Records drawn from a dataset

===============

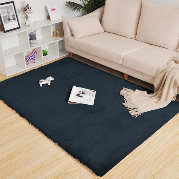 Luxe Home International Ruffle Floor Rug Rabbit Fur 1000 Gsm Living Room Foot Mats Anti Skid Water Absorbent Easy Machine Washable Rectangular Rug For Bedroom|Floor|4 X 6 Ft|Anthra|Pack Of 1
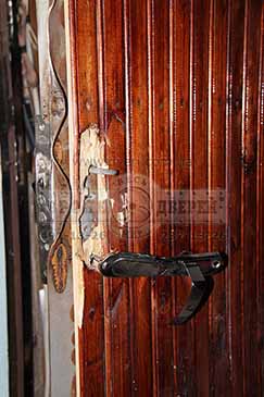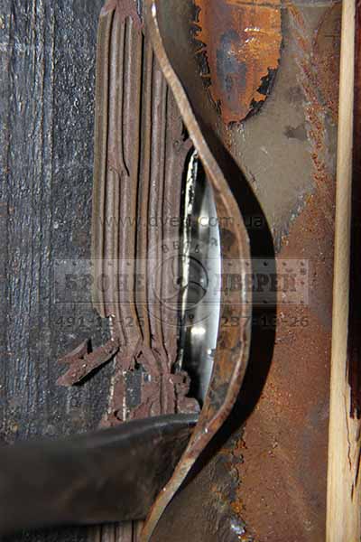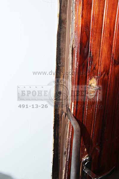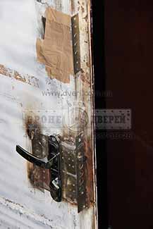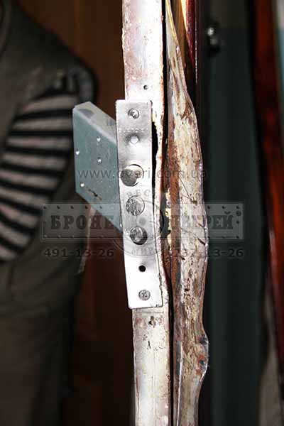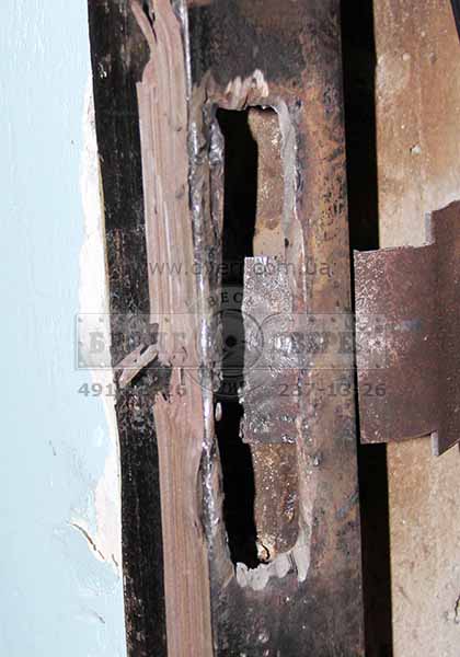 Несмотря на то, что притвор у двери был однолистовой с толщиной всего около 2 мм, отверстия под ригеля замков были вырезаны сплошным неаккуратным овалом и двери были выполнены кустарно (без применения лазеров и прочей модной аппаратуры) - двери примерно за 30 минут нам не удалось отжать.
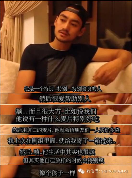 李易峰2014年的采访里说马天宇很会照顾别人,而且心态特别好,工作完了就出国旅行。
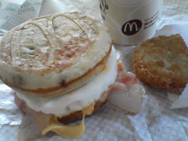 気になってたマックグリドル。説明できない朝ごはんてなんだ?とずっと気になってたので買ってきました!食べてびっくり!パンの部分がパンケーキでメイプルの味がする?!間にはさまってるものはたまごやベーコンなのに。どうなの、これ!私は普通のパンの方がいいかなぁ。
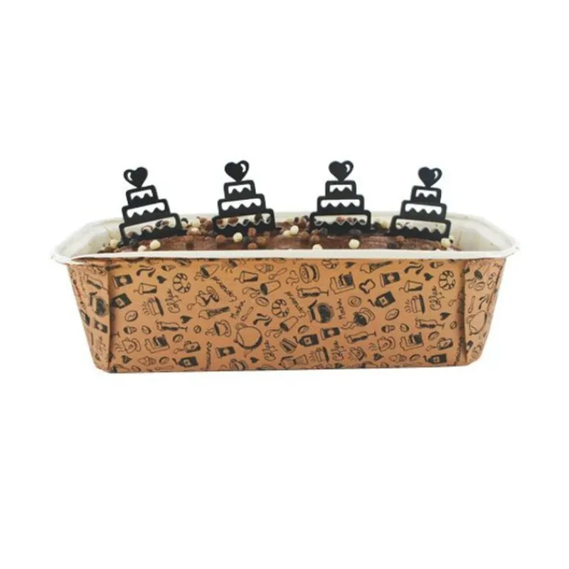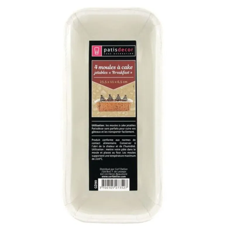 Ces moules à cakes en carton jetables Patisdécor vous permettent à la fois de cuire vos cakes, de les transporter, mais également de les présenter, grâce à leur superbe décor « breakfast » couleur café.
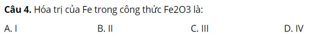 Vậy hóa trị của `Fe` trong công thức `Fe_2 O_3` là `III`
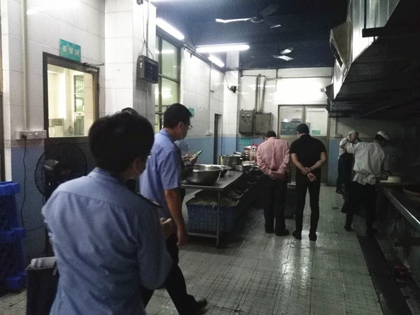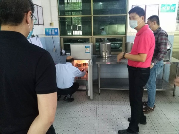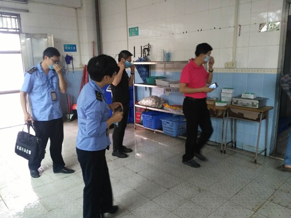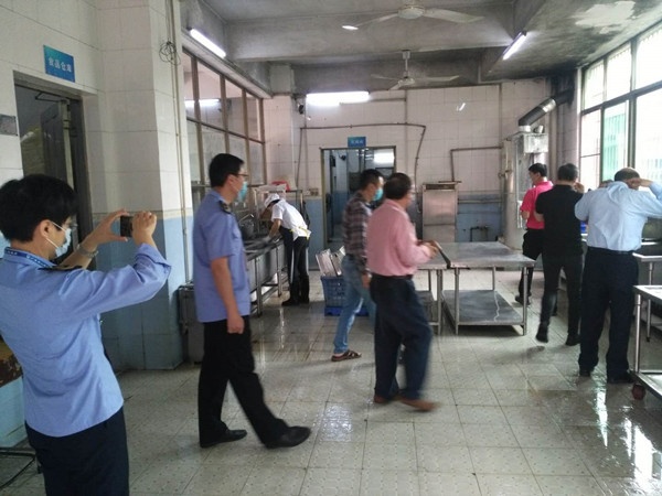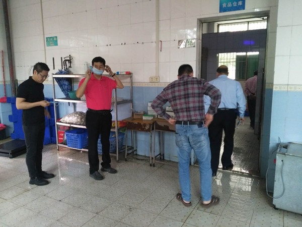 本次飛行檢查主要主要檢查了學校飯?zhí)迷牧系牟少?、供應商的索證索票、各專間的管理、食品的留樣,相關制度的公示,資料的歸檔等情況。檢查組成員認真地檢查各功能間的衛(wèi)生以及防護措施,制作流程和留樣質量等工作,最后一致肯定了東陽學校食品安全工作落實到位,責任到人,各細節(jié)工作布置得妥當,飯?zhí)玫牧魳?,制作流程都能按要求保質保量。并給了幾點建議:烹調間荷臺上用瓦缽盛裝的各種用于烹調的佐料要對應標明相關物品的標簽;預進間的洗手池要徹底清洗干凈;粗加工間和備餐間的紗窗門,要安裝彈簧,能夠讓此門自動閉合;食品留樣冰箱里的留樣,容器上面的標簽日期要精確。并提醒采購人員要提高警惕,物品來源一定要索證索票,要與正規(guī)貨商簽訂相應的合同,所有的有葉蔬菜、無葉瓜果都要進行藥檢,預防萬一;飯?zhí)貌糠衷O備要求更新、維修。檢查組田醫(yī)生也提醒,要老師們對學生進行毒蘑菇預防教育工作,學校食品安全要嚴把關,留樣、制作流程要相關人員跟進。教育事務指導中心黃校長強調:食堂主管人員、食品衛(wèi)生監(jiān)督員在食品安全上一定要打起十二分精神,不得馬虎,不得掉以輕心,堅決杜絕一切安全事故的發(fā)生。

===============

> [What you are asked to do]
Among the records above, locate the line containing "Ces moules à" and the line containing "Vậy hóa trị", then transcribe exactly the lines starting at the first and ending at the second, with no pictures.

> [Your solution]
 Ces moules à cakes en carton jetables Patisdécor vous permettent à la fois de cuire vos cakes, de les transporter, mais également de les présenter, grâce à leur superbe décor « breakfast » couleur café.
 Vậy hóa trị của `Fe` trong công thức `Fe_2 O_3` là `III`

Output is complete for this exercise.